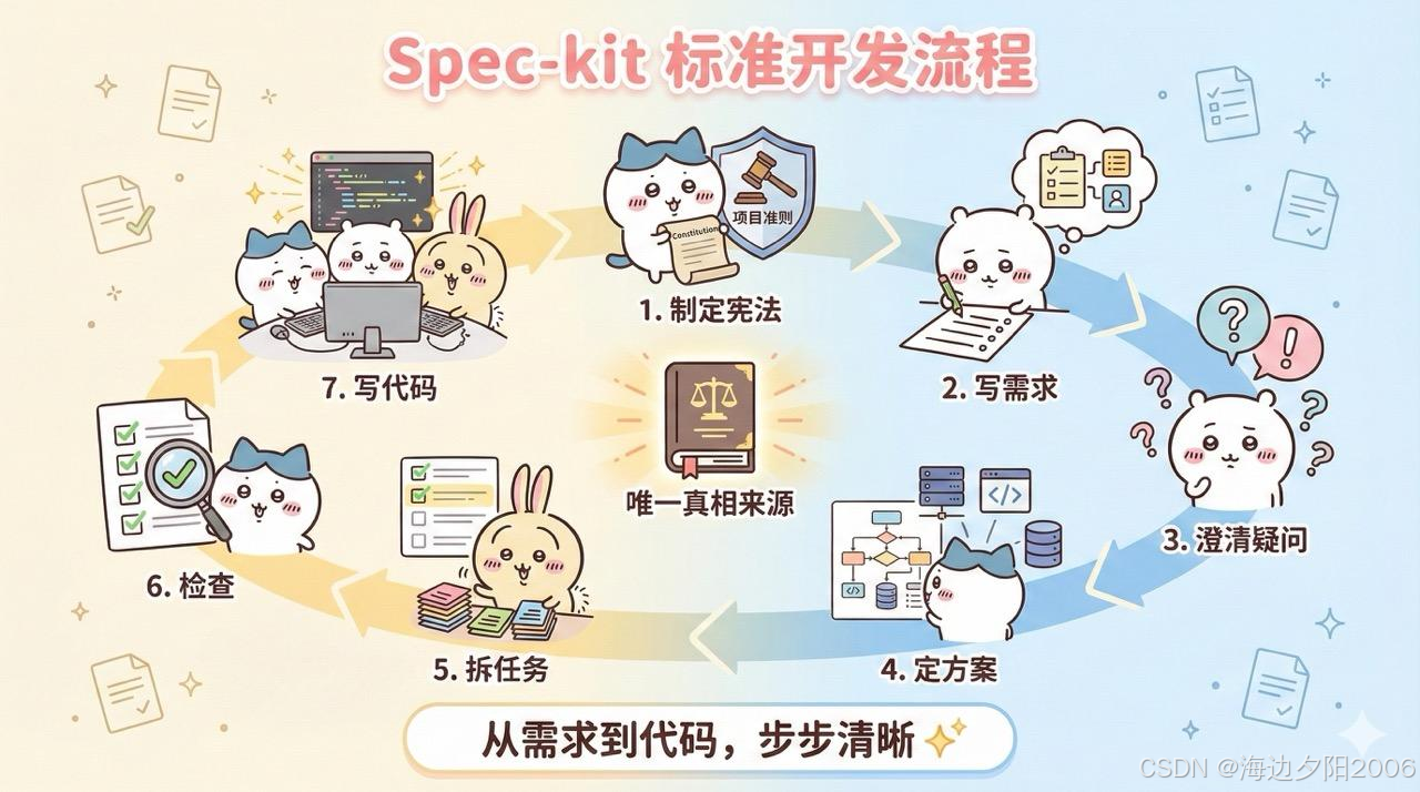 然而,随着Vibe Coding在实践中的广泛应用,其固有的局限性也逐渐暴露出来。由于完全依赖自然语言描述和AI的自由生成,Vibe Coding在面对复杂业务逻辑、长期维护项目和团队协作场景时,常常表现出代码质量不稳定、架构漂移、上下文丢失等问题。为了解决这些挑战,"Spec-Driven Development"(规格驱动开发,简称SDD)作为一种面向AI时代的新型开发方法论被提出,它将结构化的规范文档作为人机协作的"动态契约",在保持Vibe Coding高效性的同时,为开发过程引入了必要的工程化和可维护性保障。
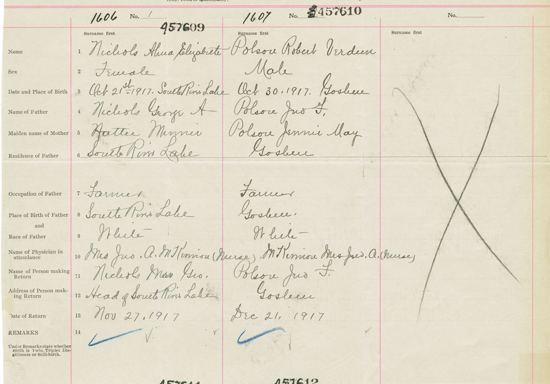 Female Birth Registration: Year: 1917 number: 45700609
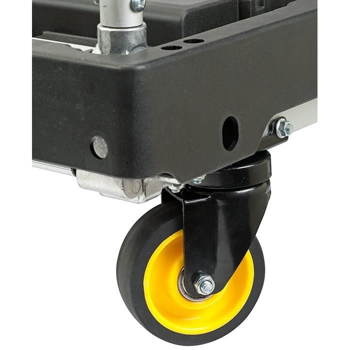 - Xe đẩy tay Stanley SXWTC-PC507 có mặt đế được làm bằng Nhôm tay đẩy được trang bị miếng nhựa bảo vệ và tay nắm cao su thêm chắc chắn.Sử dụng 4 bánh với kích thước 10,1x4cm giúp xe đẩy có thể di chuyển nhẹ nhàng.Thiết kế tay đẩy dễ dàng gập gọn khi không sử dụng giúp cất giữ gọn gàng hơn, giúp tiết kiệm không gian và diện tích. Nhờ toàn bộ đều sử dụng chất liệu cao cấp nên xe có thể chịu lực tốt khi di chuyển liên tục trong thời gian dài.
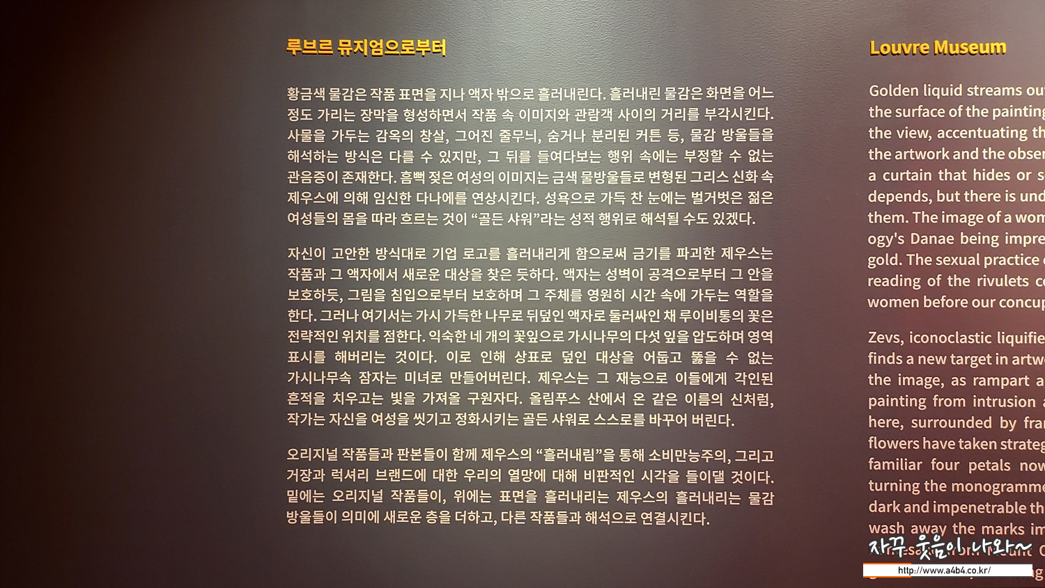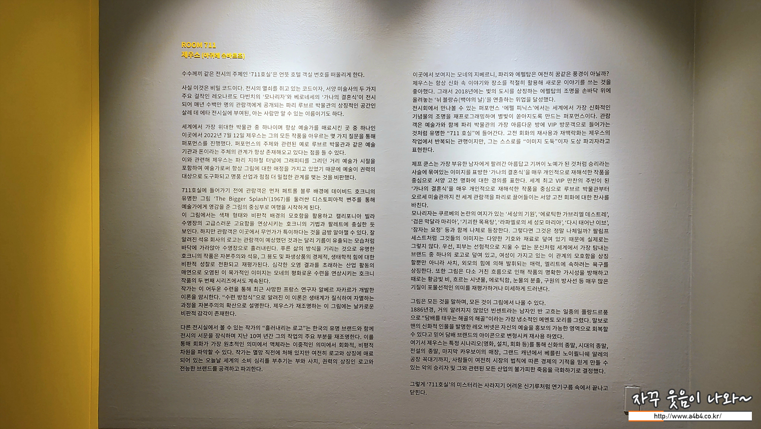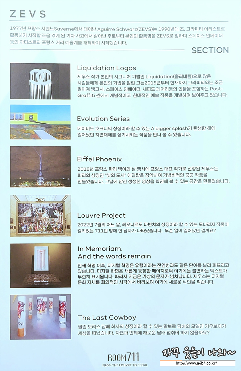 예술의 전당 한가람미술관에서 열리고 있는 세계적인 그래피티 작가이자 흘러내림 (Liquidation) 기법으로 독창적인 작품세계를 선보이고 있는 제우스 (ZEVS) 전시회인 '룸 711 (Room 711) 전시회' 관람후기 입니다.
--
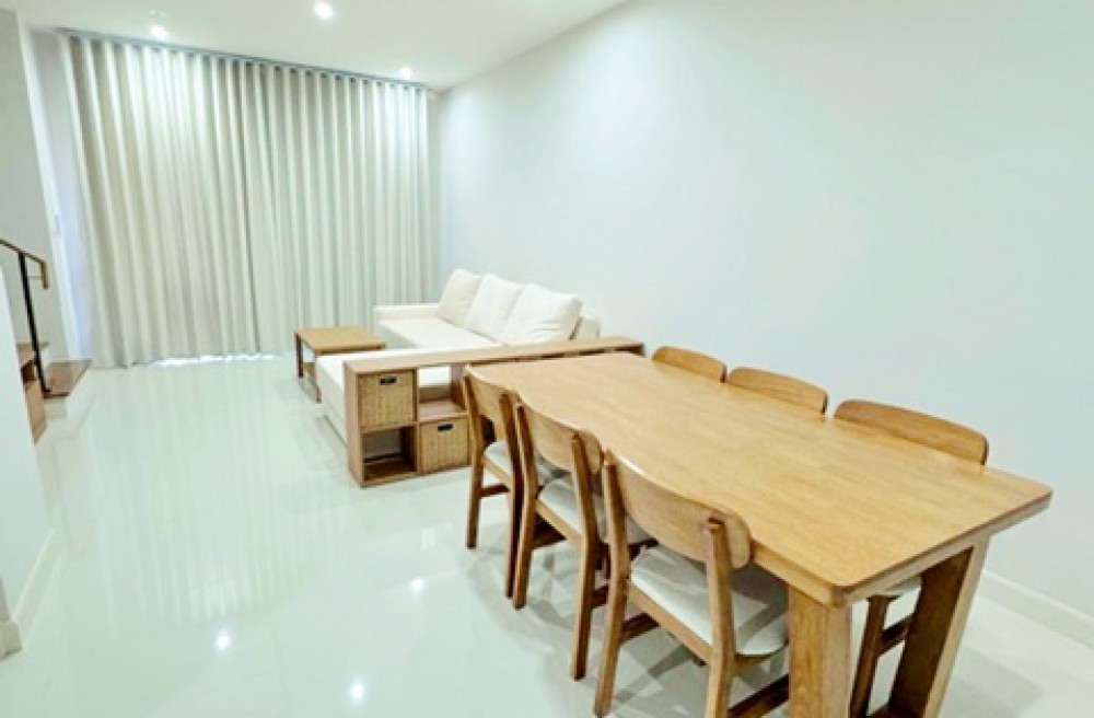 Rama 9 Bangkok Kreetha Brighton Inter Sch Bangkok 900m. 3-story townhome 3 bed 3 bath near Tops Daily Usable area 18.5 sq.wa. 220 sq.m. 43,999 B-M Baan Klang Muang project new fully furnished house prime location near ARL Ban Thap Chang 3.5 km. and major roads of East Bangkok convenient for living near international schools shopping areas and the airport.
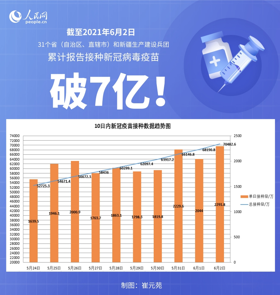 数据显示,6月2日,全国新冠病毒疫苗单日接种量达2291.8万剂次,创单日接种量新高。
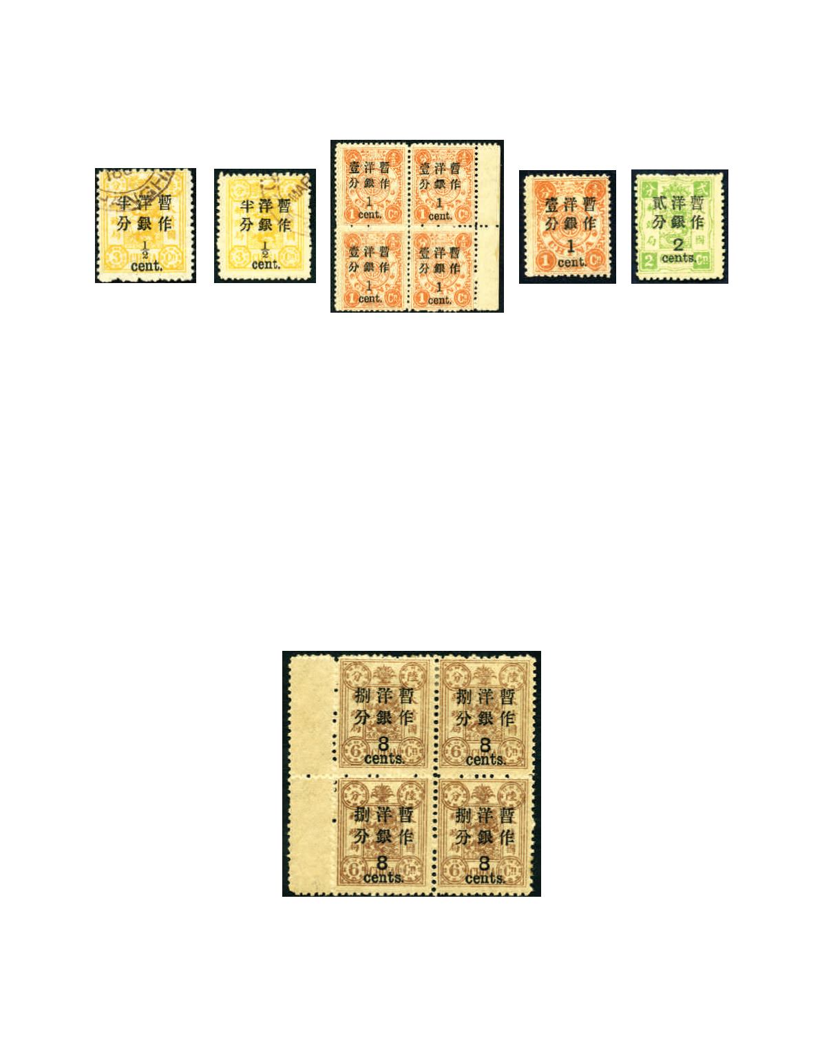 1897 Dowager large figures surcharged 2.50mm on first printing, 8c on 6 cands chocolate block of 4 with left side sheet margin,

[DESCRIPTION OF THE TASK]: Taking the records above, print only and exactly the lines from the line with "Female Birth Registration: Year: 1917" to the line with "예술의 전당 한가람미술관에서", both kept, and exclude pictures.

[RESULT BELOW]:
 Female Birth Registration: Year: 1917 number: 45700609
 - Xe đẩy tay Stanley SXWTC-PC507 có mặt đế được làm bằng Nhôm tay đẩy được trang bị miếng nhựa bảo vệ và tay nắm cao su thêm chắc chắn.Sử dụng 4 bánh với kích thước 10,1x4cm giúp xe đẩy có thể di chuyển nhẹ nhàng.Thiết kế tay đẩy dễ dàng gập gọn khi không sử dụng giúp cất giữ gọn gàng hơn, giúp tiết kiệm không gian và diện tích. Nhờ toàn bộ đều sử dụng chất liệu cao cấp nên xe có thể chịu lực tốt khi di chuyển liên tục trong thời gian dài.
 예술의 전당 한가람미술관에서 열리고 있는 세계적인 그래피티 작가이자 흘러내림 (Liquidation) 기법으로 독창적인 작품세계를 선보이고 있는 제우스 (ZEVS) 전시회인 '룸 711 (Room 711) 전시회' 관람후기 입니다.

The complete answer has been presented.